Director of technology for the Shenendehowa Public Library in Clifton Park, New York.
kgs@bluehighways.com
Column for May 2001
With all the wonderful Internet services libraries are offering these days, I tend to agree with Alice in Wonderland, who concluded at the end of a race, “Everyone has won, and all must have prizes.” Nevertheless, I have established the annual Internet Librarian Pied Piper awards to emphasize lesser-known gems of Internet librarianship. This year, I’ve identified a person, place, and thing that each deserves special recognition for unusual contributions to Internet librarianship.
For years, I’ve admired the varied projects initiated by Eric Lease Morgan, network technologies development librarian at North Carolina State University in Raleigh.
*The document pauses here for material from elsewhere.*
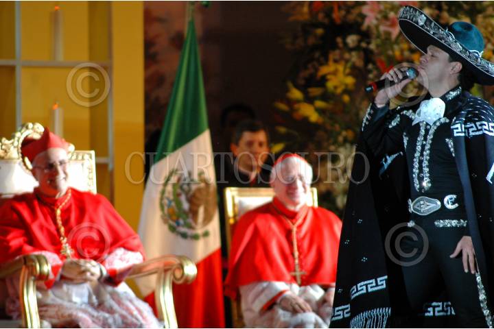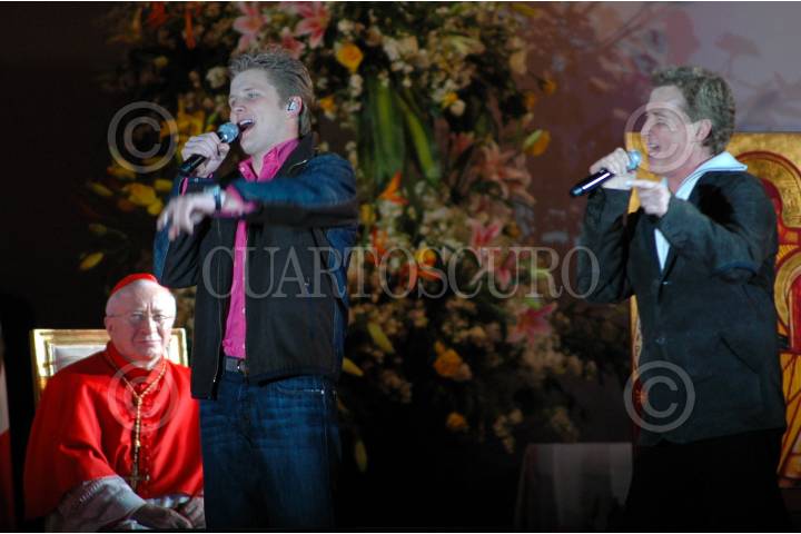 MÉXICO D.F., 17ENERO2009.- El cantante Pedro Fernandez durante su actuación en el evento festivo testimonial que se realiza en la explanada de la Basilica de Guadalupe y que forma parte de las actividades del VI Encuentro Mundial de las Familias. FOTO: RODOLFO ANGULO/CUARTOSCURO.COM

Eric has been dancing ahead of us for over a decade, teasing us forward into the future with projects and experiments that never fail to intrigue and enlighten.
Eric is as prescient as he is prolific: In 1991, when most librarians were unaware of the Internet, Eric was developing library-based services with Hypercard, an early Weblike tool. In 1995, when most libraries were offering at best text-based Web access over 56k lines, Eric was exhorting librarians to embrace graphical Web browsers. Eric was developing tools for identifying and organizing electronic serials and e-texts while many librarians were still debating the value of the Internet.
Eric’s hallmark project, in my opinion, was See You See a Librarian, a videoconferencing project in the summer of 1996. What was your library doing with the Internet in 1996? You probably weren’t offering two-way video teleconferencing designed “for librarians to share common problems and solutions with an audience of their peers.”
Eric hit a wall in deploying See You throughout the profession: “Too few people [librarians] had access to the hardware and software necessary to do videoconferencing,” he lamented. He just couldn’t drum up participation, even at the low overhead of $200 per computer. Eric’s final report on See You See a Librarian concluded that his project did not “improve library/information services to any great degree.” I respectfully object to this comment. The current wellspring of live, online, real-time reference services—where librarians interact with the patron’s desktop—is a direct descendant of Eric’s effort. Eric seeded our profession with brilliant possibilities; when the time was right, others watered the concepts and made them grow.
Leave it to the library that opened New York State’s first drive-up library window in 1993 to publish online newsletters, proselytize cheerfully and relentlessly for public computer access, and be one of the first libraries to circulate Rocketbook electronic readers.
Despite serving just 30,000 residents in a perennial rust-belt area with a library budget under $1 million, the Gates Public Library (no relation to Bill or Melinda) has made its presence known in the digital library world of upstate New York, an area not exactly known for its cutting-edge technology. I first discovered the Gates Library when I was researching electronic books. The library didn’t stroll into this new format—it leapt gladly. In a profession that has a tendency to get stuck in the pencil-sharpening stage, the Gates Public Library is truly a Pied Piper.
Dot-coms come and dot-coms go, but the Gates Library demonstrates the timelessness of Ranganathan’s principles, applied directly to Internet services. Director Susan Swanton provides a weekly online bulletin called Library Links, which for several years has regaled her community with insights into new services, reflections on librarianship, and apologies for bad weather. A recently added service to the library’s Web site is the Gates Community Services Directory, a unique resource in the area, guaranteed to make Swanton’s Web site “sticky” (meaning, in dot-com parlance, one that attracts visitors and keeps them there).
The Gates Library doesn’t have the most beautiful Web site, the most cutting-edge services, or a glittering cybermobile. Its theme song could easily be “My Funny Valentine.” But what this library has is what Morgan has: a certain insouciant optimism about the Internet and libraries, and an inexhaustible ability to experiment, lead, and proselytize that makes the Gates Library far more than the sum of its parts, and well deserving of the Pied Piper Award.
The Regional Institutes held by ALA’s Library and Information Technology Association are “one-day workshops on technology-related topics.” I single out these institutes for a Pied Piper Award in part out of enlightened self-interest. Continuing education for information technology can be very difficult or expensive to acquire. When a library has very few IT staff members, learning a new technology can be a teeth-grinding experience of trial and error (and error, and error).
LITA has identified a real need—continuing education for information technology staff—and addressed it with a very targeted service. LITA also bends over backward to bring these institutes to the masses, offering three models for hosting these programs in an area. In addition to great topics and instructors—currently Peter Murray on proxy servers and Kristin Antelman on database-driven Web sites—these institutes provide settings where librarians can mingle and share ideas. And someday some of these librarians may hear the call of the Pied Piper and host their own institutes.